Please repeat only the lines below starting at the line that holds "徐州金虹鋼鐵集團(tuán)" and ending at the line that holds "Šį gruodį kviečiame", exactly, with both of those lines included and every picture omitted.

┌─ TASK MATERIAL

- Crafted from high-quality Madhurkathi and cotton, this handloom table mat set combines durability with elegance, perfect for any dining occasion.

└─
┌─ TASK MATERIAL

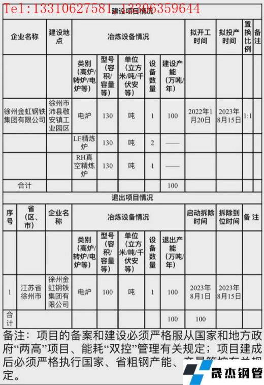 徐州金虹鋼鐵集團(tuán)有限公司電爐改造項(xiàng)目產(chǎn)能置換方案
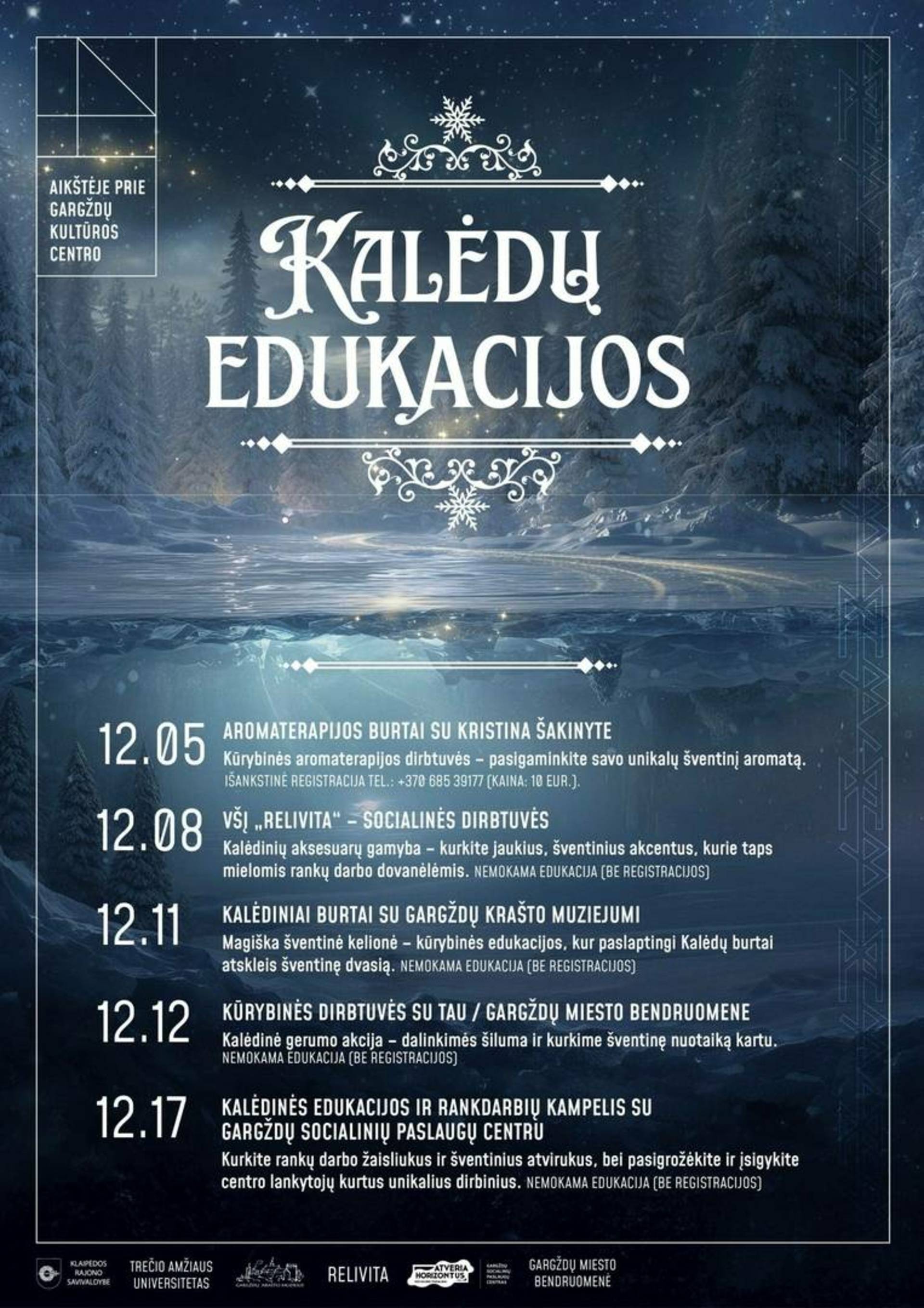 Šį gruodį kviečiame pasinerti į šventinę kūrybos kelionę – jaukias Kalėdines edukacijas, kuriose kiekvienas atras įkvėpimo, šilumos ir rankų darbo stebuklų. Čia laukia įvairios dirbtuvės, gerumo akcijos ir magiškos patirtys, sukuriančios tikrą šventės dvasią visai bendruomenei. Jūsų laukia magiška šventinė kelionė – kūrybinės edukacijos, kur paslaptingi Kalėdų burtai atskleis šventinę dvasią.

└─
┌─ TASK MATERIAL

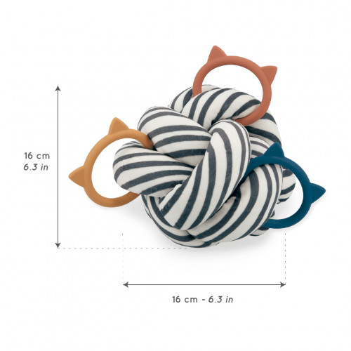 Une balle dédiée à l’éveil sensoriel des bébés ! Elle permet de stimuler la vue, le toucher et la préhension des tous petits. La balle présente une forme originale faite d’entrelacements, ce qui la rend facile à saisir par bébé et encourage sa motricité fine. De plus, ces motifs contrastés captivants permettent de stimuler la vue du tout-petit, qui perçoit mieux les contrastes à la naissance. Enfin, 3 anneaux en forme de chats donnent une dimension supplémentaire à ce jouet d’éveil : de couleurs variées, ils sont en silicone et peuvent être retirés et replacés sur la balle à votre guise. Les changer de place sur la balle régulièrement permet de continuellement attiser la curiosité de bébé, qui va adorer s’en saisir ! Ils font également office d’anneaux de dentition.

└─

SOLUTION →
 徐州金虹鋼鐵集團(tuán)有限公司電爐改造項(xiàng)目產(chǎn)能置換方案
 Šį gruodį kviečiame pasinerti į šventinę kūrybos kelionę – jaukias Kalėdines edukacijas, kuriose kiekvienas atras įkvėpimo, šilumos ir rankų darbo stebuklų. Čia laukia įvairios dirbtuvės, gerumo akcijos ir magiškos patirtys, sukuriančios tikrą šventės dvasią visai bendruomenei. Jūsų laukia magiška šventinė kelionė – kūrybinės edukacijos, kur paslaptingi Kalėdų burtai atskleis šventinę dvasią.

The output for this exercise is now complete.